French computer scientist

Marie-Christine Rousset (born 1958) is a French computer scientist whose research involves knowledge representation, the semantic web, description logic, and data mining. She is a professor of computer science at Grenoble Alpes University, and a senior member of the Institut Universitaire de France.

==Education and career==
Rousset graduated in 1980 from the École normale supérieure in Fontenay-aux-Roses (then a girls' school), with an agrégation in mathematics. She studied computer science at Paris-Sud University, earning a doctorat de troisième cycle in 1983 and a doctorat d'état in 1988 under the direction of Marie-Odile Cordier.

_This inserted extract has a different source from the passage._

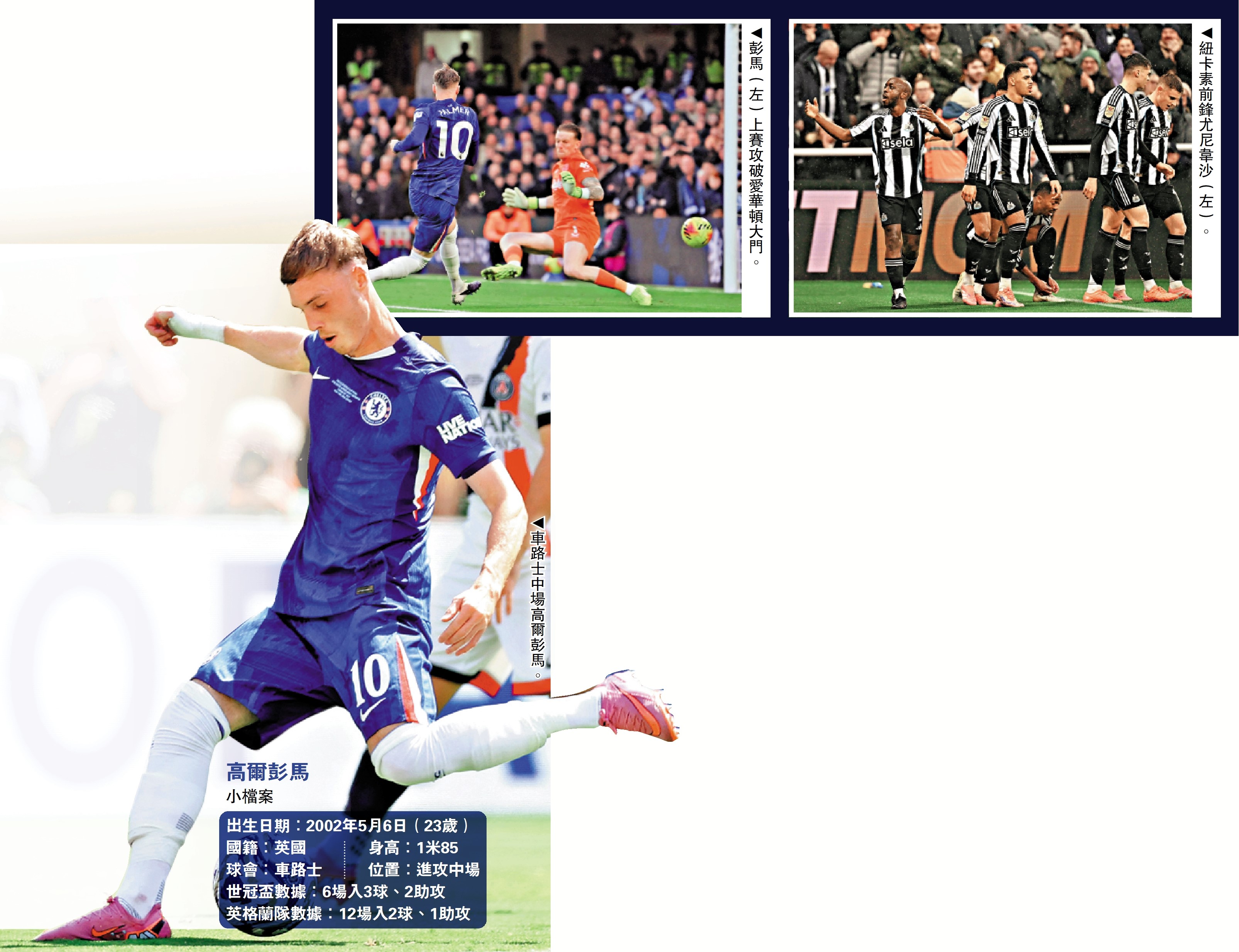 車路士中場高爾彭馬在上季完結後獲球會「升級」,球衣號碼由原本20號變為代表進攻重心的10號,之後他穿起新號碼代表球隊出戰今夏世冠盃,並以優異表現協助車路士奪標。今季季初彭馬不幸因傷缺席不少比賽,近日傷癒復出,更在上輪英超取得入球助球隊重響勝鼓,標誌着這位球隊「新10號」滿血回歸,餘下就要重現世冠盃的卓越表現,帶領車路士4線爭標之外,今晚勢必「踩盡油門」作客衝擊紐卡素。\大公報記者 譚德龍

She was a researcher at the Laboratory for Computer Science (LIR) at Paris-Sud University from 1981 to 1989, and a professor there from 1989 to 2005. In 2005 she moved to Joseph Fourier University, which in 2016 merged with two other institutions in Grenoble to become Grenoble Alpes University.

==Book==
Rousset is a coauthor of the book Web Data Management (with Serge Abiteboul, Ioana Manolescu, Philippe Rigaux, and Pierre Senellart, Cambridge University Press, 2011).

==Recognition==
Rousset was elected as a junior member of the Institut Universitaire de France in 1997, promoted to senior member in 2011, and renewed in 2016. She is a fellow of the European Association for Artificial Intelligence (formerly the ECCAI), elected in 2005.

She was named as a knight in the Ordre national du Mérite in 2011.